Yes. I mean page aging of high zones.

>
>> I can't say old behavior is right but we can't say this behavior is
>> right, too although this patch solves the problem. At least, we might
>> need some data that shows this patch doesn't have a regression.
>
> How do you suggest it be tested and this data be gathered? I tested a number of
> workloads that keep kswapd awake but found no differences of major significant
> even though it was using high-order allocations. The  problem with identifying
> small regressions for high-order allocations is that the state of the system
> when lumpy reclaim starts is very important as it determines how much work
> has to be done. I did not find major regressions in performance.
>
> For the tests I did run;
>
> fsmark showed nothing useful. iozone showed nothing useful either as it didn't
> even wake kswapd. sysbench showed minor performance gains and losses but it
> is not useful as it typically does not wake kswapd unless the database is
> badly configured.
>
> I ran postmark because it was the closest benchmark to a mail simulator I
> had access to. This sucks because it's no longer representative of a mail
> server and is more like a crappy filesystem benchmark.
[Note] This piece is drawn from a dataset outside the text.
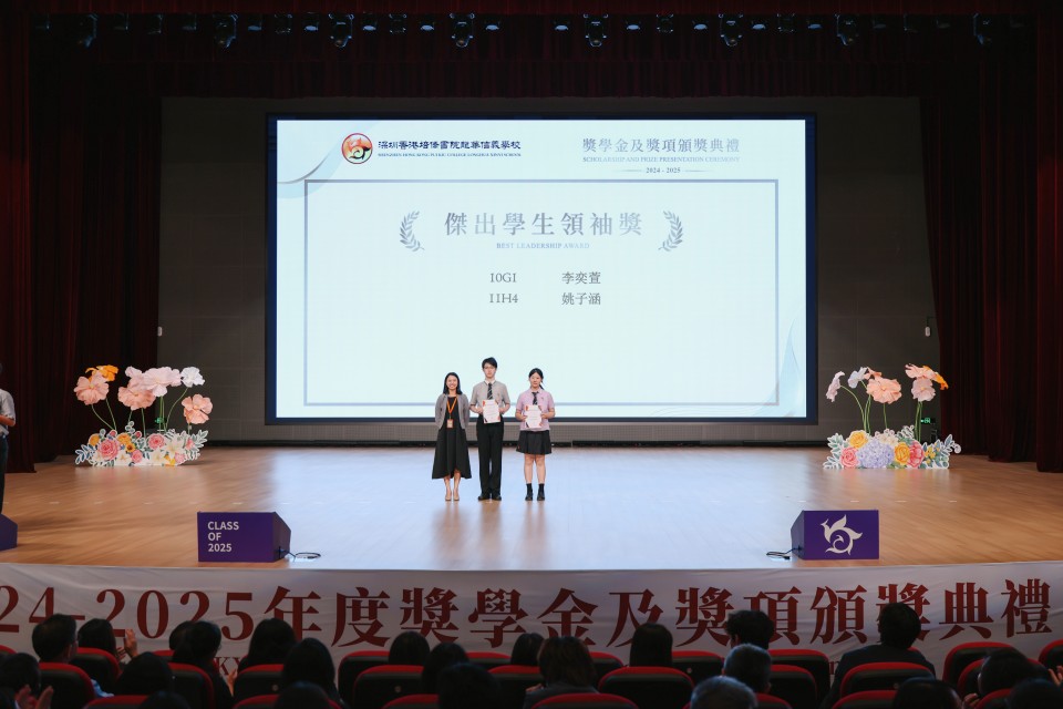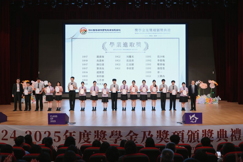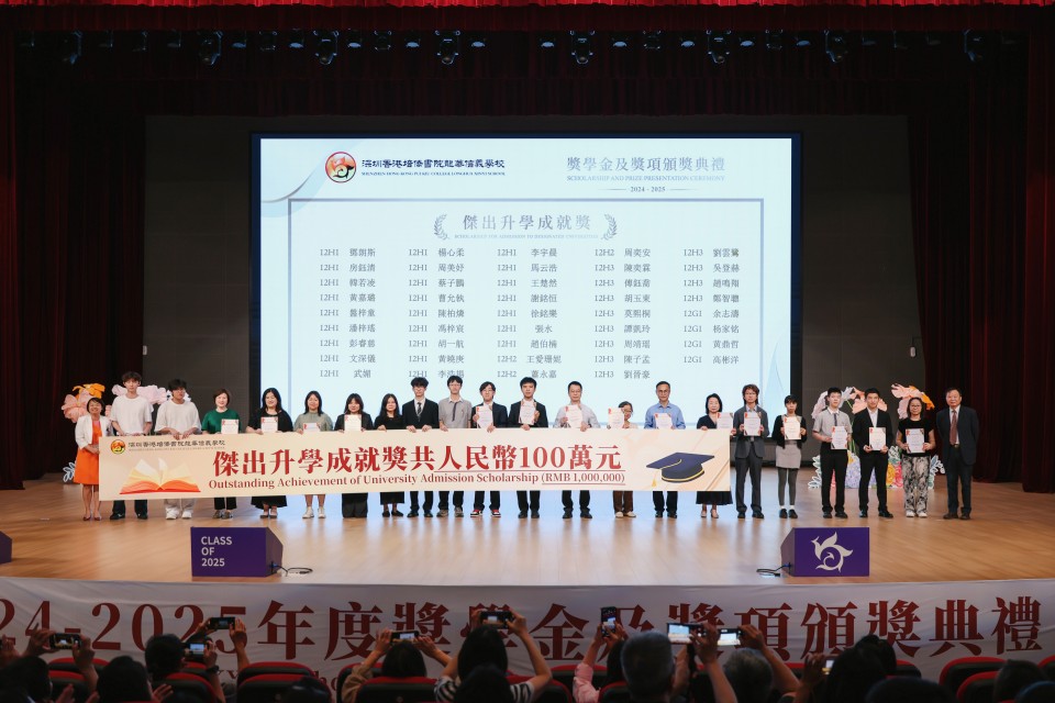 This year, over four hundred students were honored for their achievements in various fields, including university admission achievements, excellence in public examinations, academic performance, service and leadership, as well as sports, music, and visual arts. Among them, the Class of 2025 achieved remarkable university admission outcomes, with recipients of the Outstanding Achievement of University Admission Award securing places at to world-renowned top universities. These include Tsinghua University and Zhejiang University in mainland China; the University of Hong Kong, the Chinese University of Hong Kong, and the Hong Kong University of Science and Technology in Hong Kong; as well as Imperial College London in the United Kingdom.

To get it closer to a
> real server, there was also a program running in the background that mapped
> a large anonymous segment and scanned it in blocks.
>
> POSTMARK
>            postmark-traceonly-v3r1-postmarkpostmark-kanyzone-v2r6-postmark
>                traceonly-v3r1     kanyzone-v2r6
> Transactions per second:                2.00 ( 0.00%)     2.00 ( 0.00%)
> Data megabytes read per second:         8.14 ( 0.00%)     8.59 ( 5.24%)
> Data megabytes written per second:     18.94 ( 0.00%)    19.98 ( 5.21%)
> Files created alone per second:         4.00 ( 0.00%)     4.00 ( 0.00%)
> Files create/transact per second:       1.00 ( 0.00%)     1.00 ( 0.00%)
> Files deleted alone per second:        34.00 ( 0.00%)    30.00 (-13.33%)

Do you know the reason only file deletion has a big regression?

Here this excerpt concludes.